Dissertation
Bayesian hierarchical growth curve methods with applications in linguistics and audiological sciences
University of Iowa
Doctor of Philosophy (PhD), University of Iowa
Spring 2024
DOI: 10.25820/etd.007410
Abstract
This dissertation focuses on the prospects of Bayesian hierarchical modeling as an alternative to traditional statistical modeling techniques in the field of hearing science. In this field, there is a continued motivation to link how hearing, and by extension hearing loss, is associated with the development of cognitive, communicative, and academic abilities.

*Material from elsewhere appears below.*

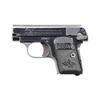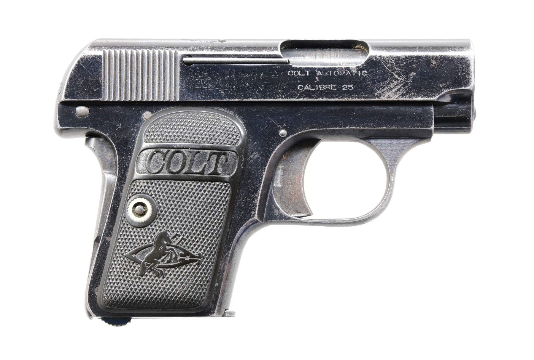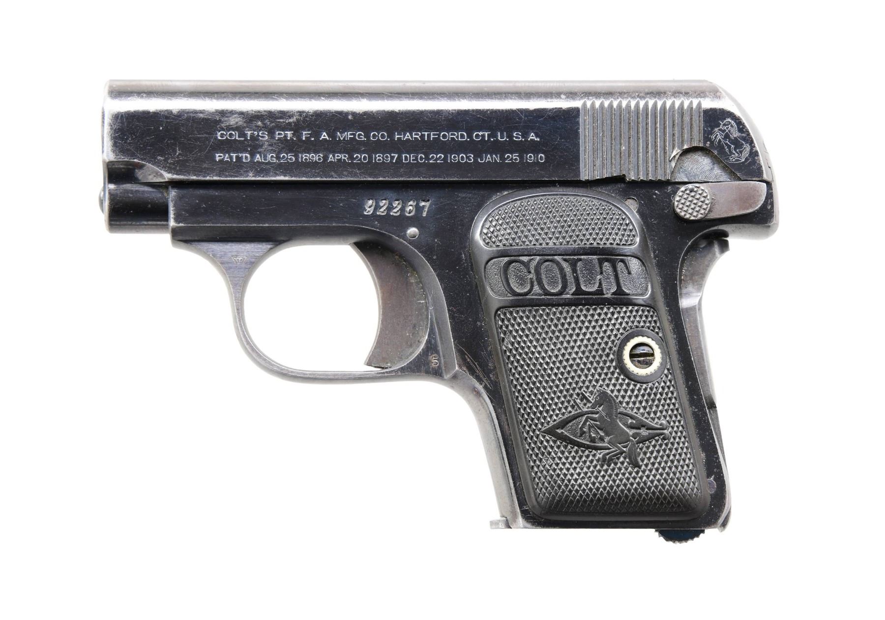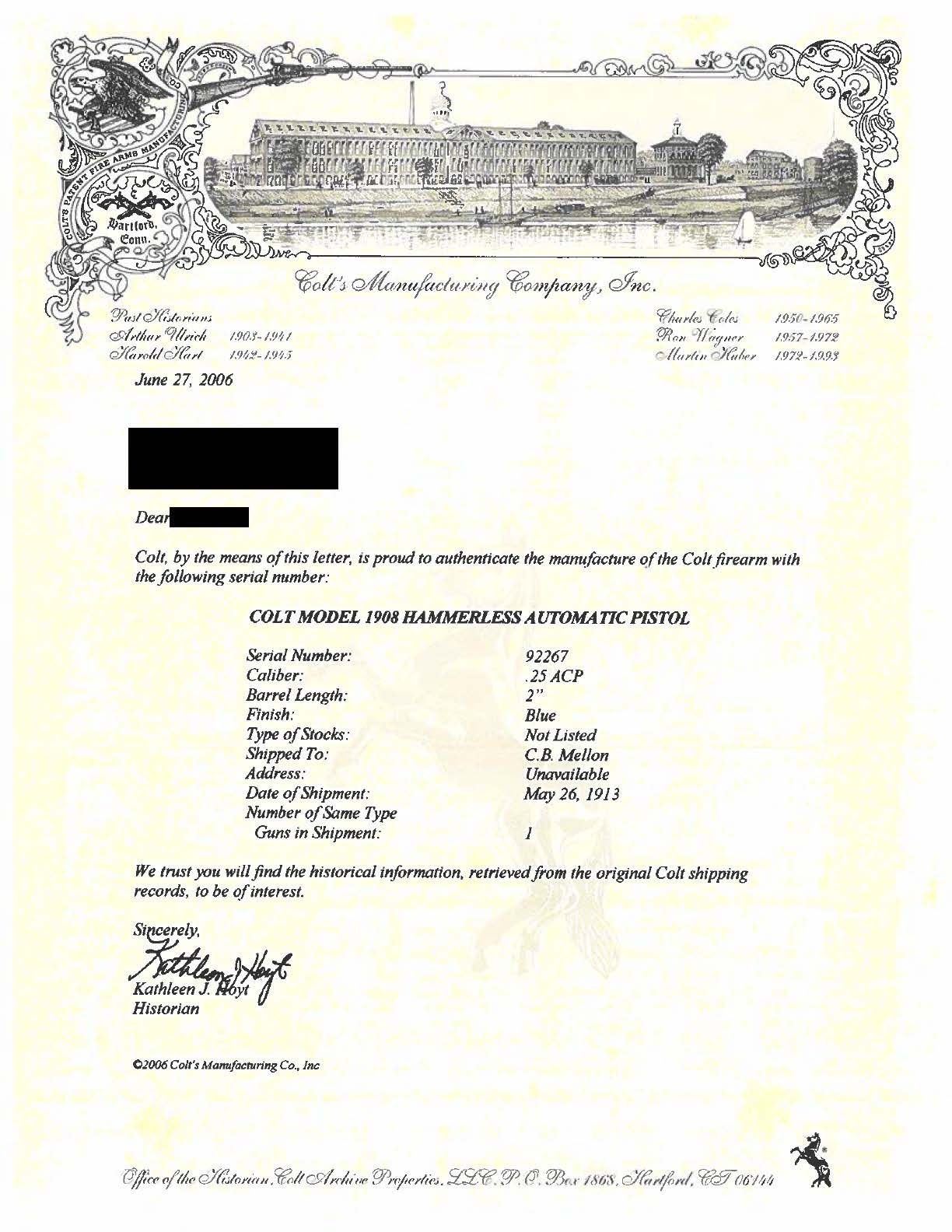 WITH FACTORY LETTER. Cal. 25 ACP. S# 92267. Bbl. 2 1/8". Model 1908 Vest Pocket semi-automatic pistol mfg. by Colt in 1913. Left side of the slide is marked with Colt's mfg. and patent information, followed by the Rampant Colt logo, with "COLT AUTOMATIC/ CALIBRE 25" marked on the right. Metal components exhibit a blue finish overall. Frame is mounted with 2-piece Colt checkered black hard rubber grips that feature the Rampant Colt in front of a stylized "C." MAGS: one 6-rd. UNATTACHED ACCESSORIES: factory letter indicating that this example was the sole pistol shipped to "C.B. Mellon" (address unavailable) on May 26th of 1913. CONDITION: metal components retain the majority of their original factory blue finish, exhibiting edge wear, scattered superficial handling marks, as well as flecks of light surface oxidation overall. Grip safety exhibits wear and thinning through to a gray patina. Bore is bright, exhibiting scattered small spots of dark pitting while retaining strong rifling throughout. Action functions appropriately when cycled by hand. Grips exhibit some scattered marks from handling and storage, as well as some smoothing, but otherwise remain sturdy and serviceable. (24-3805/MLW). CURIO. $300-500.

In one aspect, Bayesian hierarchical modeling is explored in the paradigm of psychophysics and psychometrics as applied to hearing science. In these fields, an integral method to the disciplines involves charting how a person’s response pattern changes according to a continuum of stimuli. For instance, in hearing science, Visual Analogue Scaling (VAS) tasks are experiments in which listeners hear sounds across a speech continuum and give a numeric rating between 0 and 100 conveying whether the sound they heard was more like word “a” or more like word “b” (i.e., each participant is giving a continuous categorization response (CCR)). By taking all the CCRs across the speech continuum, a parametric curve model can be fit to the data and used to analyze any individual’s response pattern by speech continuum. Standard statistical modeling techniques are not able to accommodate all of the specific requirements needed to analyze these data. Thus, Bayesian hierarchical modeling techniques are proposed in order to accommodate group-level non-linear curves, individual-specific non-linear curves, continuum-level random effects, and a subject-specific variance that is predicted by other model parameters. These techniques are employed both in a cross-sectional setting analyzing a VAS study consisting of mono-lingual and bi-lingual participants and in a longitudinal setting exploring the Growing Words project, a 4-year longitudinal study tracking reading and language development in children in the Iowa City / Cedar Rapids area. Overall, the model results generally highlighted the negative association between individual slope and variance, suggesting those persons who had a more swift transition in response across the speech continuum were more consistent in their responses across trials.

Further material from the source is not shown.